What makes us tick? what creates in us the standards by which we live our life, the choices we make and how we chose to perform them? What makes one child in a family choose what seems to be way off in left field to what we expect? What makes one choose to live a life of giving and the other a life of taking?
The other day as we were serving meals for the fire dept benefit, we worked beside a young man that moved here from Pittsburg just lately to live with a relative. He is 20 yrs old and has supported himself since he was 16 when he left home because his parents were drug addicts and he decided that he did not want to live that kind of life and wanted something better. but because he had to work to live, he had to drop out of school and did not get his diploma in the thing he wanted to do, work on cars and so he is having a hard time in the current work situation in our area of the country.
He is choosing to make a change in his life for the better as much as he can but he has little available resources. He was so respectful in his manner, I was amazed. And no I did not pick up that he was a christian either. But he has simply chosen to live a different life than the one he knew.
I guess I find the complexities of people fascinating. While I am having some severe difficulties with the choices that a couple of mine are making, I still wonder at it all. What is involved that is driving them in the direction they are taking? What has affected them to make them act this way? Why do some things affect some people openly and the same thing affect another in a totaly different way?

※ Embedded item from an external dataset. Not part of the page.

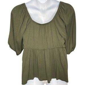 Torrid Womens Olive Green Smocked Puff Sleeve Top Size 1X Boho Flowy Romantic
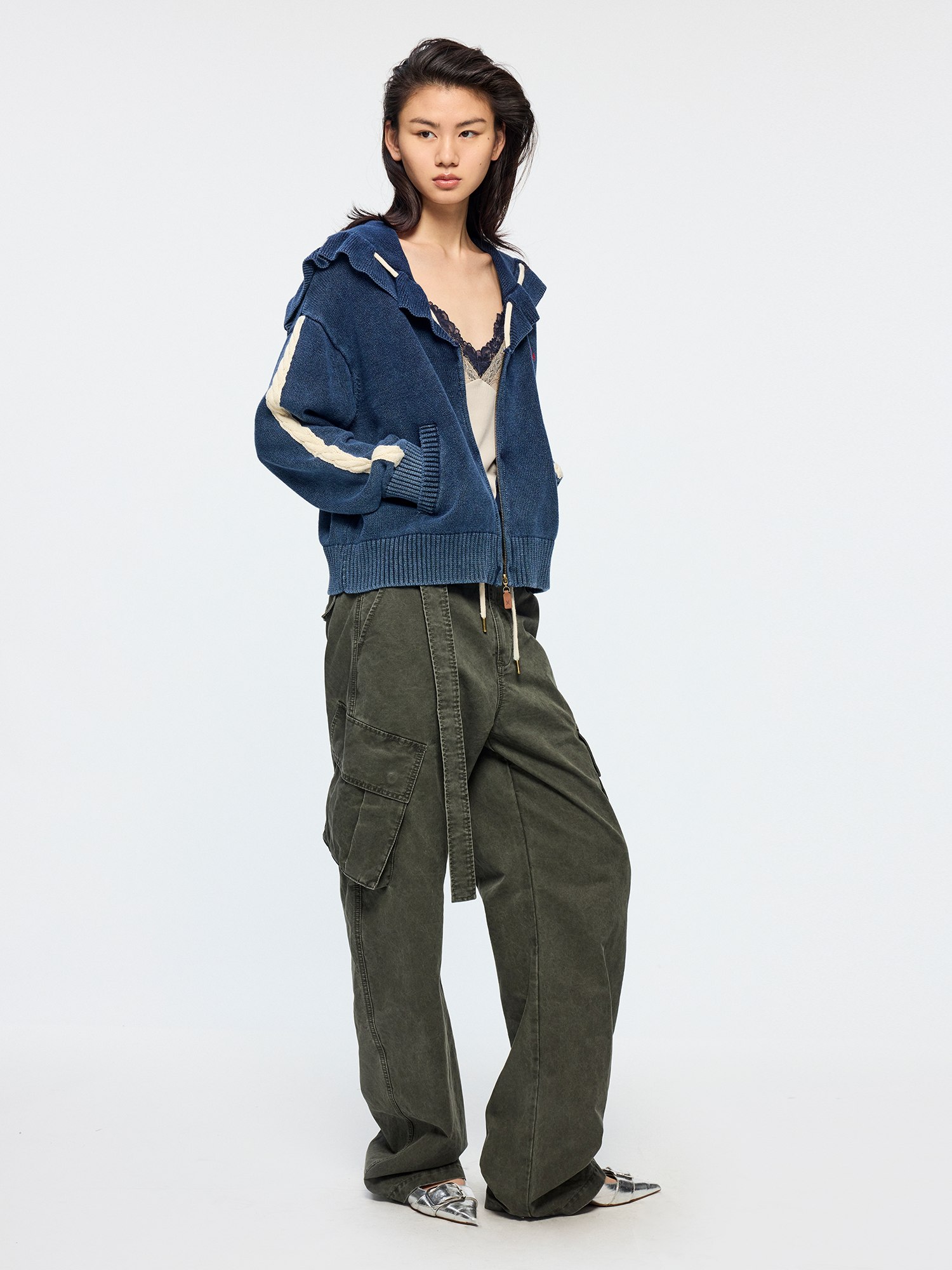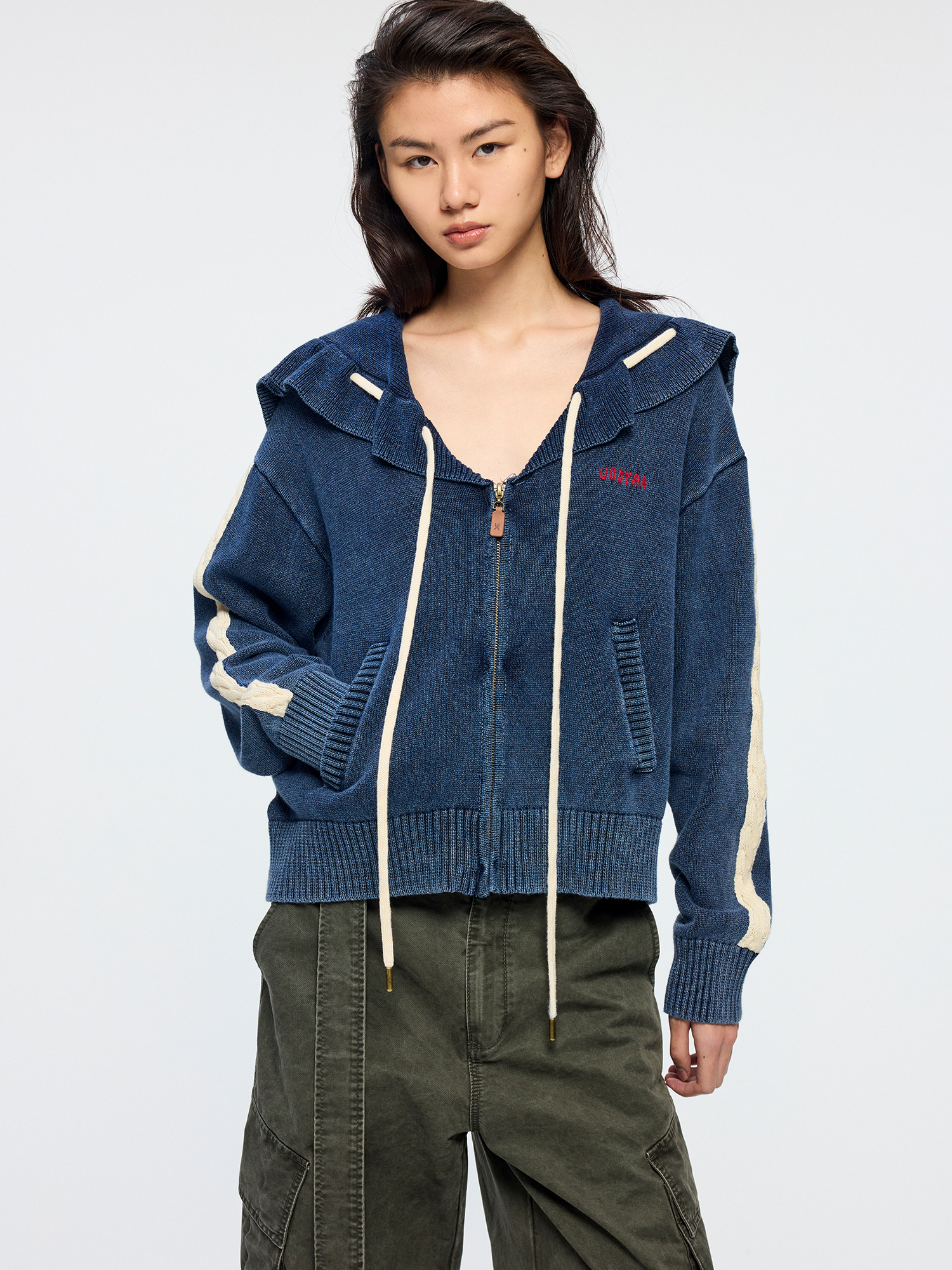 Washed finish gives a faded denim look; cable knit tape adds a refined vintage touch.Fabric:

LL, I am assuming that the one, or ones, who are troubling you were younger when you began to have problems with the H church. The pain of a child who has to put up with the shunning of his parents, the humiliation of being part of such a family is unbelievable. The others were probably older and more stable when this happened. I would tend to blame a lot of the problems on this. I did the same thing you did, stayed in their midst trying to work things out for years. This meant my children stayed in their school and their social circles, but were basically treated the same as you were. It's a terrible thing to do to a child. Not by you, but by them. It causes incredible damage.
ML while I agree with you here, I also am reluctant to play the blame game here. I guess life is taking my mind in different directions anymore. When I look back on the things that have happened to me in my life and what I have survived, I can easily say "Why God did you allow this to happen to me?" I can fight against the pain and sorrows of this life and struggle for victory and recovery. I can keep being drug thru life kicking and screaming against the pain that keeps coming, as I have done for years. Or I can sit here now and look back and Thank God that he has given me a peace in my life that I did not have before and a sense of worth. I can meet that stranger on the street, online, on a random phone call, that God enables me to give hope and courage to, that friend that watched me grow up that never knew what kind of severe struggles I endured but wondered why some things were the way they were and why I reacted to life like I did, that now understands as they see God working in our lives as a family.
I can still be that mom that is there when my child, even though now an adult, needs to hear from mom, ask how to do something that they can't remember the details, give help when the jam batch is flopping...........
Just 2 weeks ago, we had the priviledge of meeting a couple from another state that is a reader here and spent the day showing them a bit of our beautiful state. One of our stops was at the buggy shop of an amish man that has 2 brothers that used to be H and has nephews and neices that are H, several of which are staff members. In the conversation with him, LM talked to him about his specialty, Locks. Did you know that buggies have ignitions? Actually it is a keyed switch that turns on the lights. He had some that were missing keys. LM brought one home and I took it back to him with keys last week when I made my journey to the Psychologist. He wanted to find out how to get more fixed. I said,"Easy, I come thru here every 2 weeks." "Whatever for?" " I go to see DR. C" He immediately told me,"Good for you, I admire you for that, I bet you wish you had done it sooner." He went on to tell me that his first wife had died in an accident and he remarried to a widow. He wanted her to change, she wanted him to change. They finally went for help. He said "I learned things that I did not learn in school and it was one of the best things we ever did. Everyone needs some help sometime."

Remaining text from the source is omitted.